SOURCE MATERIAL:
******

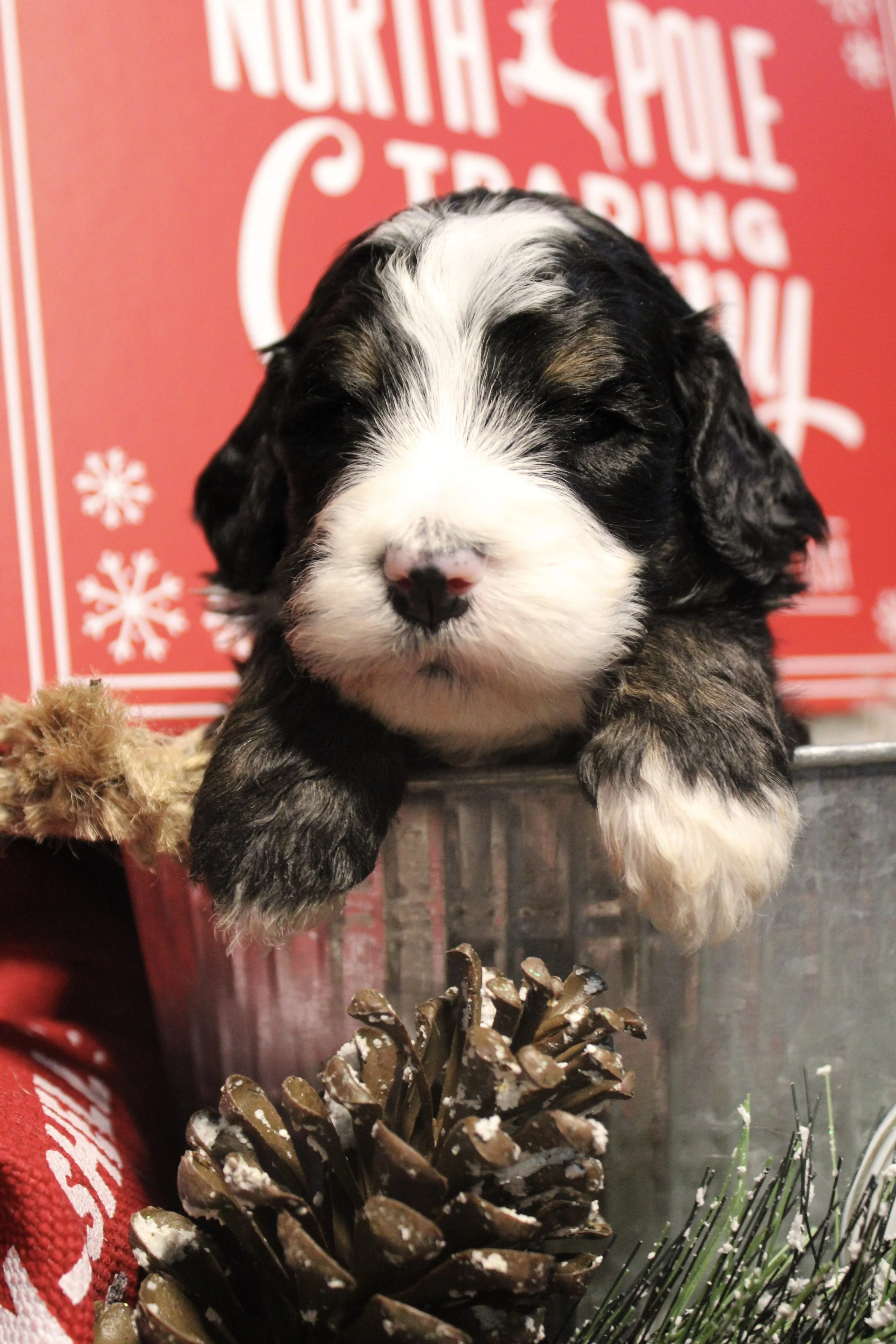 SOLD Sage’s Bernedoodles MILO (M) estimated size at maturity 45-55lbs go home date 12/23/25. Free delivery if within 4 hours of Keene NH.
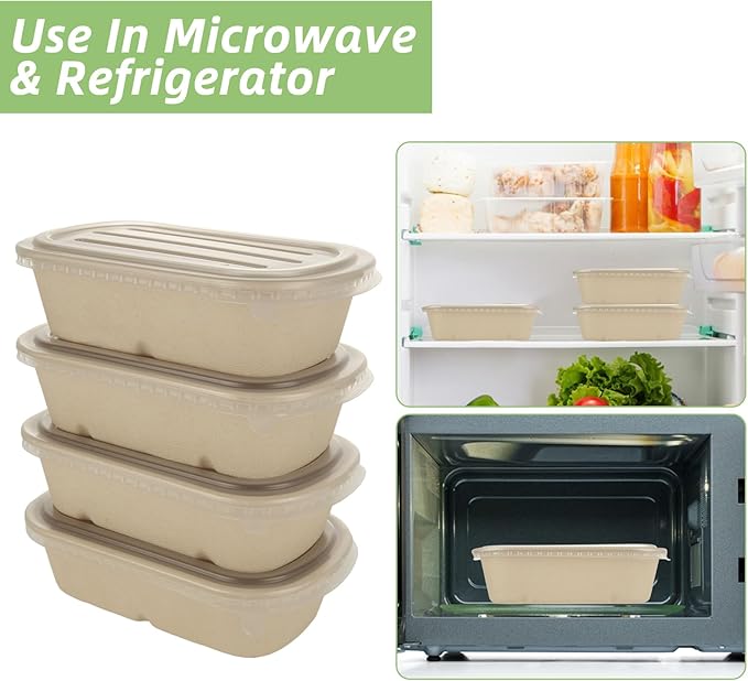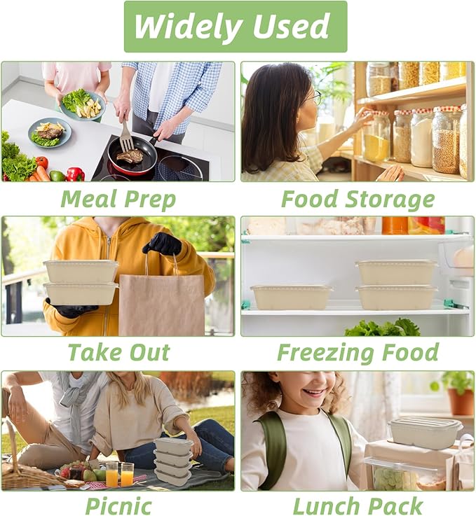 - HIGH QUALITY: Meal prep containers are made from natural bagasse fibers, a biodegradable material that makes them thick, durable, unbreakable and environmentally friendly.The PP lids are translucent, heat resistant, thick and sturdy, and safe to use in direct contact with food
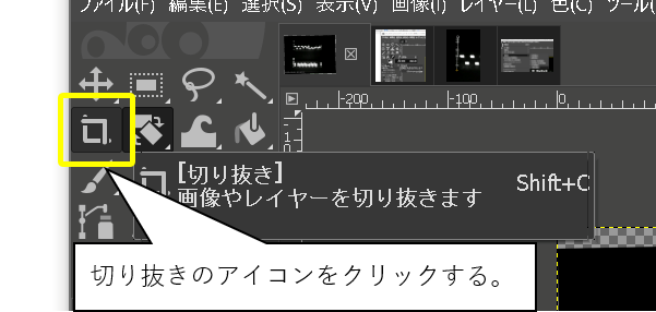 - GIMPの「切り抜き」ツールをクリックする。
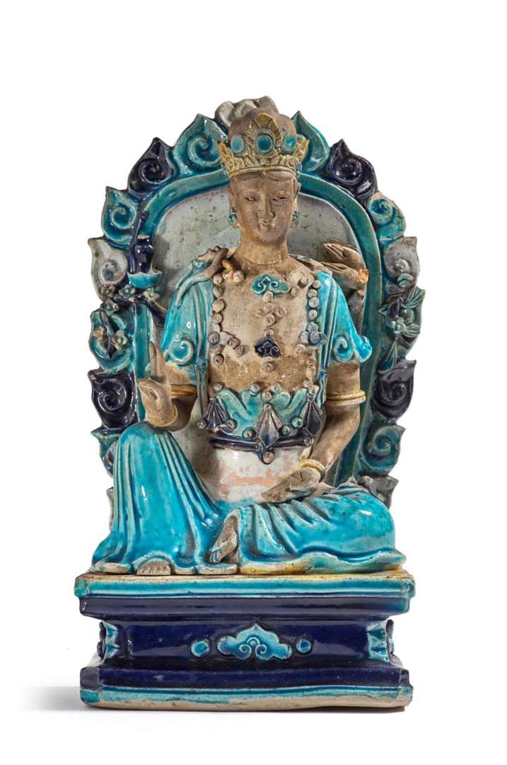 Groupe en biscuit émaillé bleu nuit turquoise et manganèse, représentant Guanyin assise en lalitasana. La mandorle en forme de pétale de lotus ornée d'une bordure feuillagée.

******

WHAT YOU SHOULD DO:
What you hand back should match the listing exactly, except that no pictures appear.

EXERCISE OUTPUT:
 SOLD Sage’s Bernedoodles MILO (M) estimated size at maturity 45-55lbs go home date 12/23/25. Free delivery if within 4 hours of Keene NH.
 - HIGH QUALITY: Meal prep containers are made from natural bagasse fibers, a biodegradable material that makes them thick, durable, unbreakable and environmentally friendly.The PP lids are translucent, heat resistant, thick and sturdy, and safe to use in direct contact with food
 - GIMPの「切り抜き」ツールをクリックする。
 Groupe en biscuit émaillé bleu nuit turquoise et manganèse, représentant Guanyin assise en lalitasana. La mandorle en forme de pétale de lotus ornée d'une bordure feuillagée.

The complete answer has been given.